Sadly though I don't think they would ever move there because of the noise and the fact that we don't have enough money to live there. A studio there is even too expensive for us. The town we live in right now is dirt cheap. The house we are in right now is the biggest one we have ever had. We live on an acre of land with a small pond in a one story 3 bedroom house which means I have an actual bed room to myself. Other than having it being an office too, for my parents. So this place isn't (too) bad.

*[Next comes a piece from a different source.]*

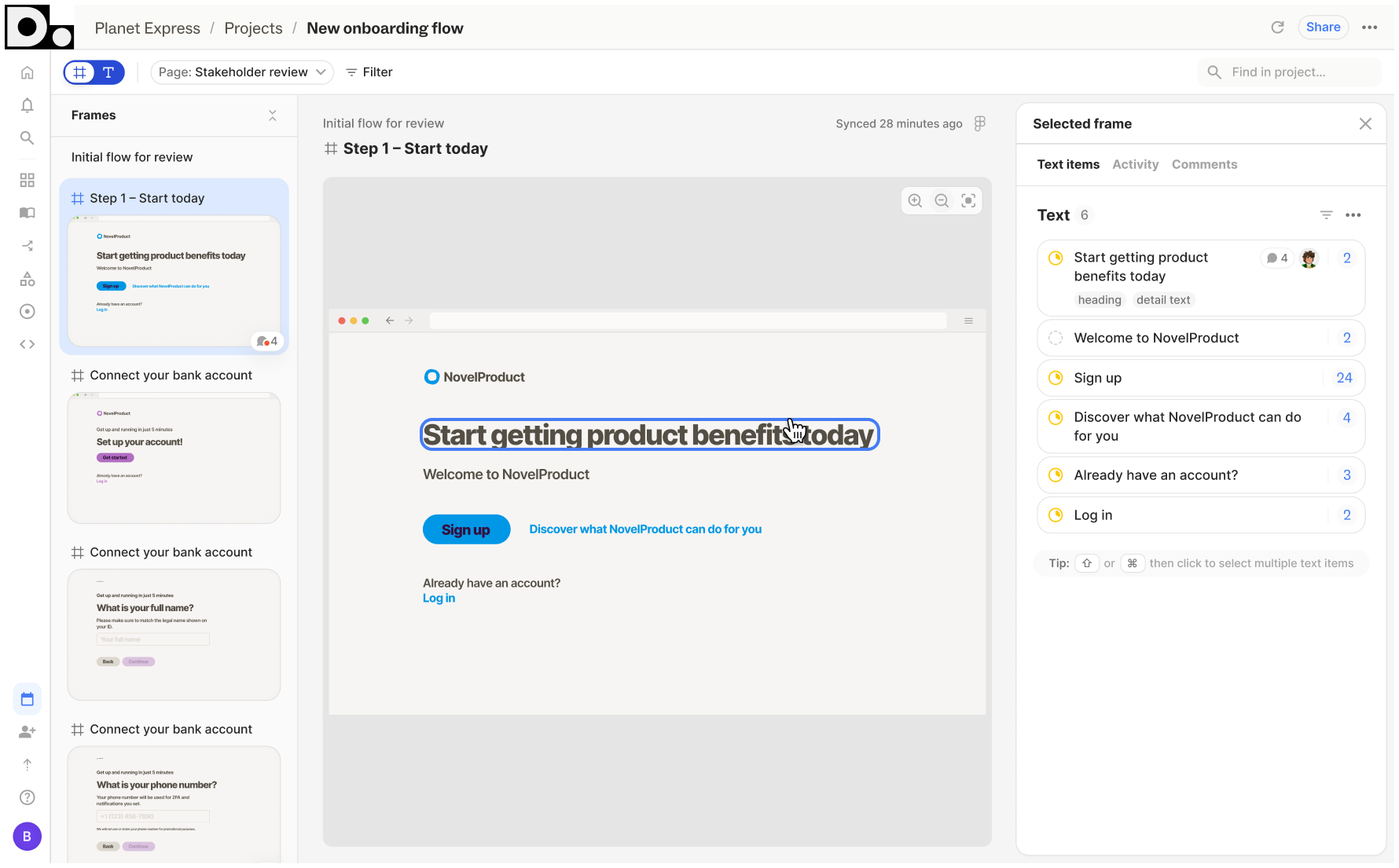 • In design view, the details panel filters comments and activity to the current frame. Text items linked within the selected frame will also display here, as opposed to separately on the left.

One good thing about this house is it’s only a mile away from school that I attended called “ The Bell of Montana” High School. Every morning I wake up at six to take a shower, get dressed, then grab my things and breakfast walking out the door to school which isn’t bad at all. I actually like walking to school because it gave me a little exercise in the morning, but the only thing that suck the most is walking there alone and back. Sense I have no friends, I am always alone. I walk into school early, go to my locker and then hide out in the bathroom till the bell rings for class to avoid everyone. It’s not like I am ugly or anything, I think? It’s just nobody likes new people in this town, in less your rich. Which makes everything different... and by the end of the day, (still trying to avoided everyone) I would be pushed into the dirt, have spit balls shot at my face, and notes taped to my back to laugh at me. (Middle school you think?) The things they said about me really hurt when most of them aren’t even true. They would just make up anything to laugh at. Making up storys about why I moved here saying I kill someone just by looking at me or my parents are ashamed to have a retarted daughter and stuff. Its like grade school all over again. On the walk home isn’t any different because everyone drive pass me swearing as they drive away in there fancy cars yelling names at me on their way home. The moment I would walk into the house, I blew out an aggravating breath like everyday here, then walk to my room and start my homework, to get ready for a whole another day of torcher.